Die neue Schnittstelle von WhatsApp bietet zum Beispiel Online-Händlern die Möglichkeit, ihre Kunden per Benachrichtigung in Echtzeit („Notifications“) über den Status der Paketzustellung informieren. Unternehmen wie die Fluggesellschaft Singapore Airlines, die Reiseplattform Booking.com und der Fahrdienstvermittler Uber nutzen die neuen Funktionalitäten aktuell. 

Buchhandlungen bieten bereits seit geraumer Zeit Bestellungen per WhatsApp an und auch Verlage könnten mit der neuen Anwendung ihr Endkundenmarketing und den Kundenservice über den Messenger ausbauen.

Die Kommunikation mit „WhatsApp Business API“-Unterstützung funktioniert über die herkömmliche WhatsApp-Anwendung; es gibt keine eigene App wie bei der Version für kleine Unternehmen („WhatsApp Business“). Für die Firmen sind die Einrichtung wie auch der einfache Kundenchat zunächst kostenlos. Allerdings müssen sie die Echtzeit-Benachrichtigungen nach Stückzahl bezahlen. Laut des US-Nachrichtenportals „Tech Crunch“ gilt das auch für Antworten, für die sie länger als 24 Stunden benötigen. Damit setzt WhatsApp für Unternehmen einen zusätzlichen Anreiz, schnell auf Kundenanfragen zu reagieren, was die Kommunikation mit Unternehmen über WhatsApp wiederum bei Kunden beliebt machen dürfte. Wie hoch die Gebühren jeweils genau sind, gab das Unternehmen bei der Vorstellung der „WhatsApp Business API“ nicht an.

Laut WhatsApp-Geschäftsführer Matt Idema erfüllt die neue „Whats-App Business API“ die Vorgaben der Europäischen Datenschutzgrundverordnung (DSGVO). So müssen die Nutzer der Kommunikation zustimmen, bevor sie die Firmen kontaktieren. Außerdem laufe die Kommunikation – wie auch bei der privaten Messenger-Kommunikation – verschlüsselt ab.

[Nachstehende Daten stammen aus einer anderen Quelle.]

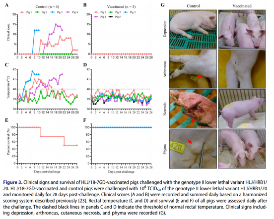 用HLJ/18-7GD 106 TCID50免疫,然后在第28天下午3点用HLJ/HRB1/ 20 106 TCID50免疫。4只对照猪免疫相同剂量的HLJ/HRB1/20病毒。每天记录直肠温度、存活率和临床症状,包括厌食、平躺、皮疹和关节肿胀,持续28天。然后使用先前描述的评分系统对每头猪的每日临床评分进行汇总,并进行轻微修改。在对照组中,一只猪从第9天开始发烧,从第8天开始出现高临床评分和抑郁,并在第11天死亡。

Jetzt also doch: WhatsApp öffnet sich für Werbetreibende

Eine weitere Neuerung betrifft die Werbefreiheit, die die WhatsApp-Gründer Jan Koum und Brian Acton bislang stets verteidigt hatten – auch nachdem sie ihren Messenger an Facebook verkauft hatten, das sich über Werbung finanziert und zusammen mit Google das Gros der digitalen Werbeausgaben einstreicht. Nachdem die beiden Gründer den Konzern verlassen haben, soll nun doch Werbung kommen: Ausgespielt werden soll sie aber nicht in den privaten Chats, sondern im „Status“-Bereich. Zudem sollen die Nutzer entscheiden können, ob sie Werbung sehen wollen.

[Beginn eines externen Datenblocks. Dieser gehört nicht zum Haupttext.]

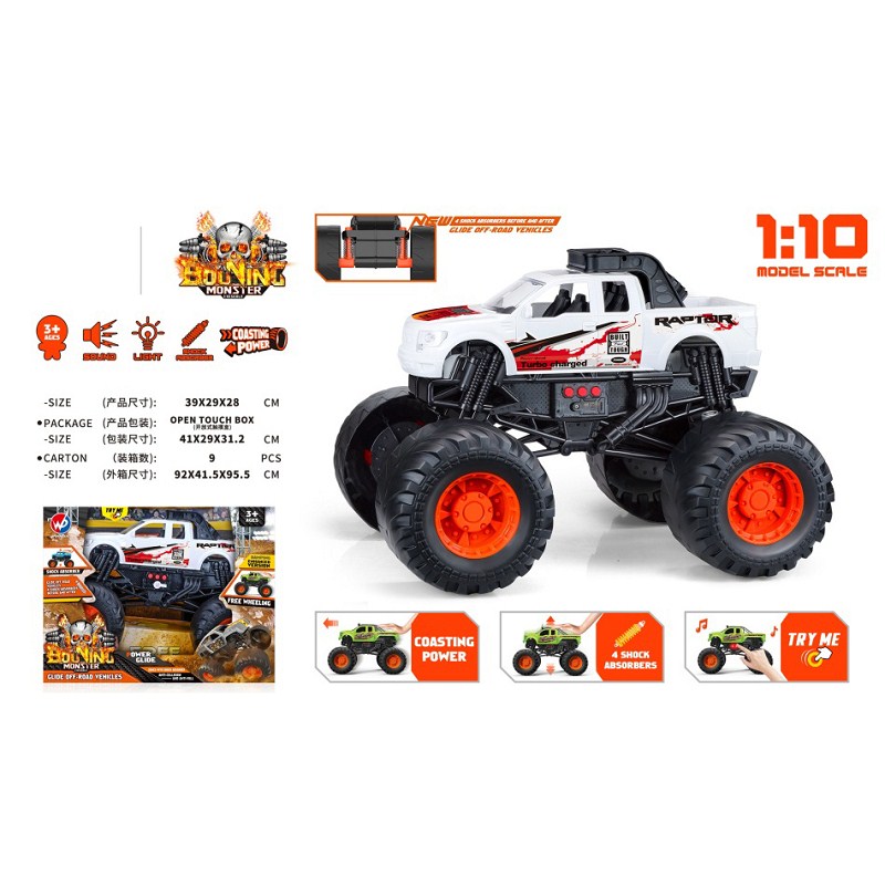 1:10 比例猛禽怪物卡车(带灯光音乐)白色 |

WhatsApp ist in den vergangenen Jahren für Unternehmen und Werbetreibende zunehmend interessant geworden, weil es einen direkten Zugang zu den Kunden bietet. Die Nutzung des Messengerdienstes hat in Deutschland zuletzt deutlich zugelegt: Laut ARD/ZDF-Onlinestudie 2017 nutzen ihn 64% der Befragten mindestens einmal pro Woche, 55% von ihnen täglich. Damit ist WhatsApp das meistgenutzte Social-Media-Tool der Deutschen.